Cronista al mango reportándose. Espero que todos estén teniendo unas magníficas vacaciones de sol, playa y arena. Mis vacaciones están más parecidas al calor irritante, tráfico y asfalto. Bueno, no está tan mal como suena. Me estoy relajando y divirtiendo, aún cuando no he salido de Lima para veranear en alguna playa paradisíaca.

Muchos de ustedes deben estar aprovechando sus ”vacas” trabajando y siendo miembros útiles para la sociedad. Yo, en cambio, decidí no hacerlo. No me juzguen. Después de 6 cursos y un par de trabajos el ciclo pasado, me he regalado algunos meses de deliciosa inmovilidad laboral.

Pero, por supuesto, algo tenía que hacer y qué mejor que lo que todos parecen hacer en verano: estudiar un idioma. Porque el ICPNA, el Británico, IC y todos sus símiles se llenan más que Aura en sábado los meses de verano. Yo, en mi caso, continúo mis clases de francés. He ahí mi alusión al tráfico, ya que la sede de la Alianza Francesa en la cual estoy estudiando queda exactamente a una hora de camino de mi casa, lo cual equivale a dos horas cada día sentada en el bus, muchas veces achicharrada entre personas colgando del pasamanos. Mirándole el lado amable, es una excusa para pasear. Luego de mis clases, puedo simplemente caminar sin rumbo por Miraflores, dándole vueltas a las mismas calles. Tardes muy bonitas en verdad.

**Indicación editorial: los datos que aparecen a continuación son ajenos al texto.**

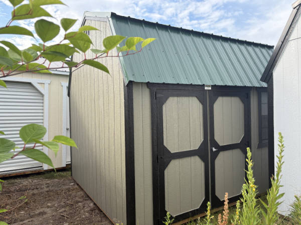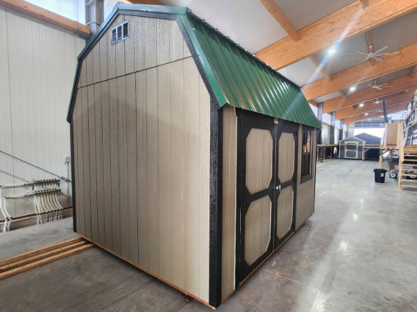 A674 Lofted Barn 10×12 Hardware Grey with Black Trim and Hunter Green roof – no permit required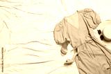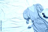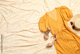 Flat lay composition with stylish yellow dress on beige blanket. Space for text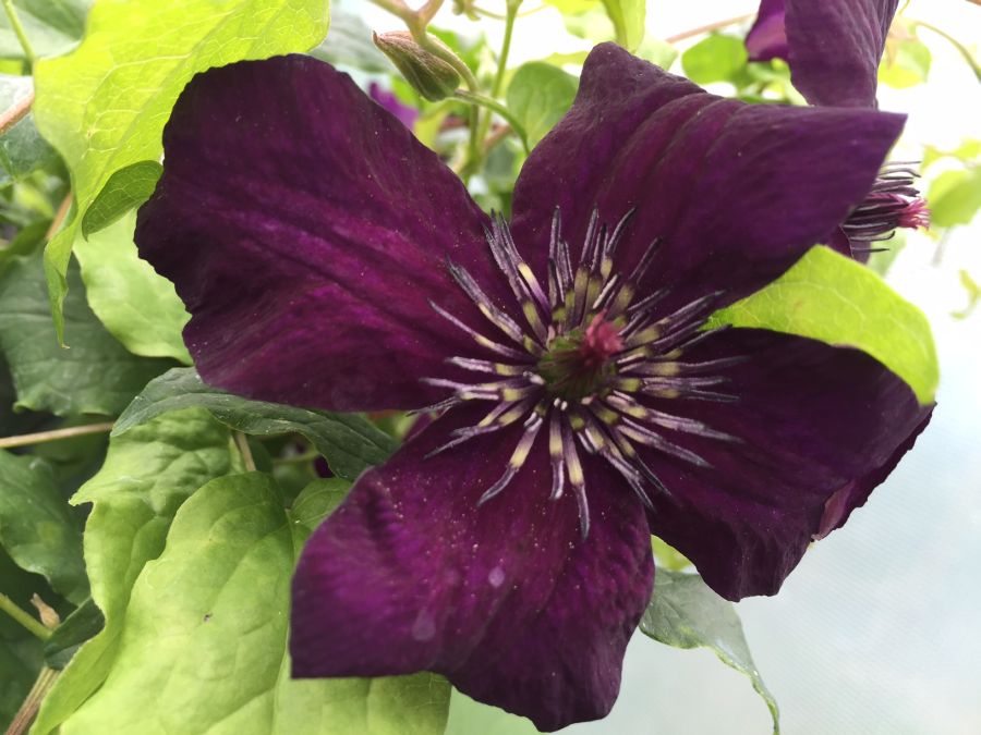 Саженцы клематиса Dаrk Eуеs имеют красивое и необычное название, которое в переводе на русский обозначает «Черные глаза». Соцветия этого растения обладают насыщенным почти черным цветом, который переливается пурпурным и фиолетовым цветом. Бутоны состоят из четырех лепестков, в сердцевине располагаются темные пыльники. Данное растение цветет в июне или июле, представляет собой вытянутую лиану, которая красиво обвивает любую опору. Этот сорт отлично подходит для украшения беседки, ограды, решетки или деревьев. Очень красиво сочетается с желтой листвой, не требует тщательного ухода за собой.

Además de eso, ¿qué otras cosas suelen hacer los jóvenes en vacaciones? Deporte, ejercicio, arte.  En esas ando también: voy al gym en las mañanas (si no, dormiría hasta el mediodía todos los días). Tal vez, en febrero me inscriba en alguna cosilla más para rellenar las poquitas horas de ocio que me quedan aún.

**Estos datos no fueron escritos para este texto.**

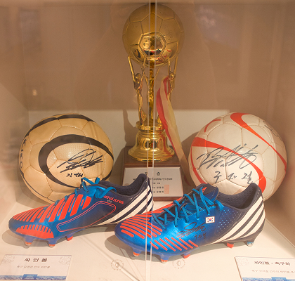 以及韩国足球象征性人物具滋哲捐赠的亲笔签名球鞋和足球,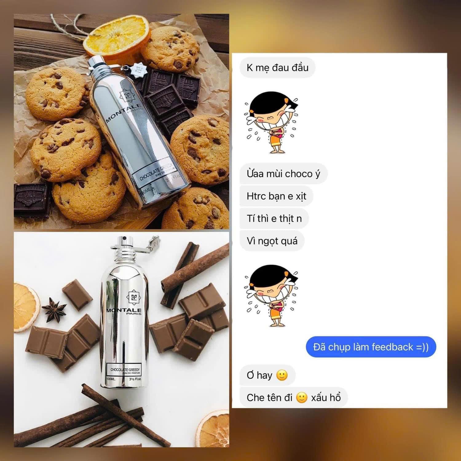 Nếu như mang Montale Chocolate Greedy đến mũi để ngửi thử, có vẻ như mùi hương hơi khó chịu sẽ lẩn quẩn quanh xung quanh khứu giác, hãy xịt lên da vài giọt Montale Chocolate Greedy để đắm chìm thật sự trong mùi hương socola – quả hạch đầy ngọt ngào và lôi cuôn, và cũng không có gì quá ngạc nhiên khi một ai đó sẽ cắn tay bạn vì từ lan da bạn đang toát ra làn hương giống như kẹo ngọt, Montale Chocolate Greedy sẽ là một sự hấp dẫn không thể chối từ cho những ai là fan của thế giới bánh ngọt.

Pero, ¿saben qué es lo más lindo de estas vacaciones para mí? Tiempo para leer. Y aunque suene extraño, ya que no hago nada más que leer durante los meses de clases, extrañaba leer por placer. Así que ahora puedo dedicar horas de sublime abstracción leyendo lo que quiero, cuando quiero, porque puedo. Una gran ayuda ha sido mi querida tablet, ya que me descargo los PDFs de los libros que quiero. Lo sé, lo sé, la piratería y etc.,pero el bolsillo de esta estudiante no está a la par con su afición literaria.

Enero me ha permitido leer una media docena de libros. Espero poder leer algunos más en febrero. Mis ojos están un poco cansados, pero mi cerebro está más que sonriente. Espero que puedan comentarme acerca de sus vacaciones y si están leyendo algo en estos meses.

¡Hasta la próxima semana!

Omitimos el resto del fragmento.